For this blog post, we teamed up with Symple Loans, an online lending company with a mission to dramatically improve the personal lending experience for Canadian borrowers.

If you have multiple sources of debt, like high-interest credit card debt, overdue bills and buy-now-pay-later accounts, there are many benefits to consolidating bills into one monthly personal loan payment. Not only does debt consolidation make your payment schedule easier to manage, you could also reduce interest charges and pay down debt faster.

How does debt consolidation work?

Debt consolidation involves taking out a loan to pay off multiple, smaller sources of debt, like credit cards, lines of credit and personal loans. You’re then left with one loan to pay back, rather than lots of small debts to multiple creditors.

The interest rates for debt consolidation loans can often be significantly lower than those of credit cards and other credit products, so a low-interest debt consolidation loan, like the one offered by Symple Loans, can allow you to pay off your debt faster and save money in interest over time.

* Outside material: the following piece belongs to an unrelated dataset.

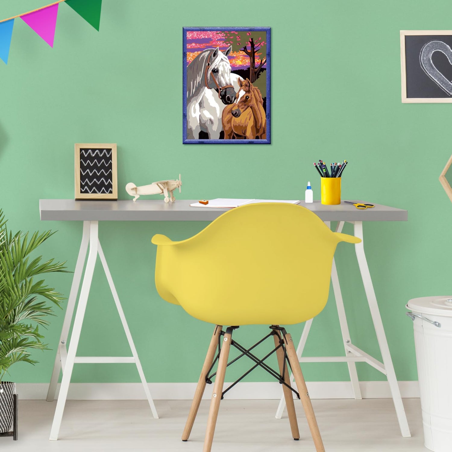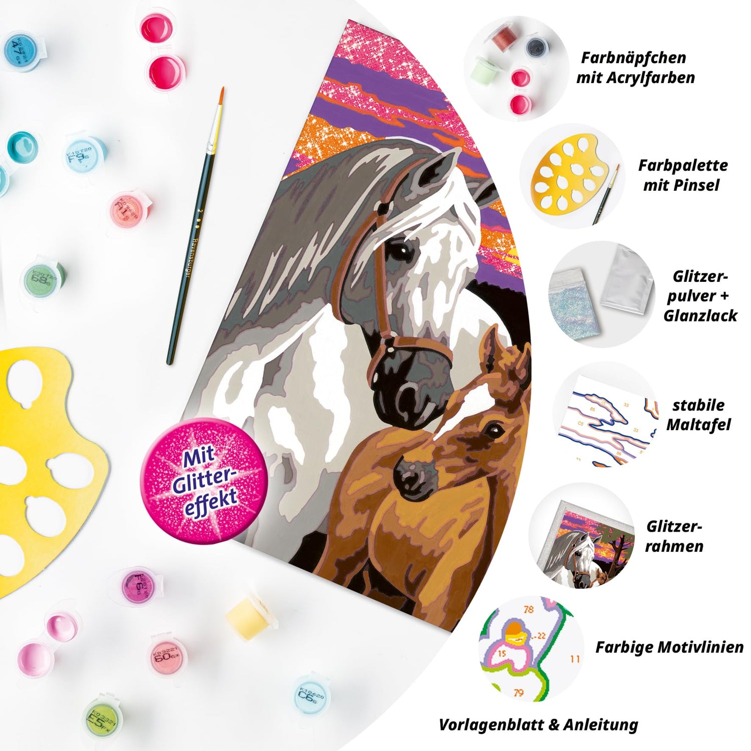 - About this image: Bring a spark of joy to your child as they create this beautiful mare and her foal with our glittering “Sunset Horses” CreArt Painting by Numbers set!

Let’s look at an example. Imagine Jane is $20,000 in debt across four different sources: two credit cards, a car loan and a line of credit. Each of these debts has an interest rate of 19.99%, so she decides to take out a Symple Loans debt consolidation loan with an interest rate of 10.99%. Over the 5-year term of the loan, Jane could save up to $95 a month in interest. That’s a saving of $5,700 over the loan term!

With rates starting as low as 6.99%, a debt consolidation loan from Symple Loans allows you to pay off your high-interest credit cards and other loans, and accelerate your path out of debt. They offer terms from 1-7 years, and there are no early repayment fees, meaning you won’t be penalized if you end up being able to pay down your debt faster.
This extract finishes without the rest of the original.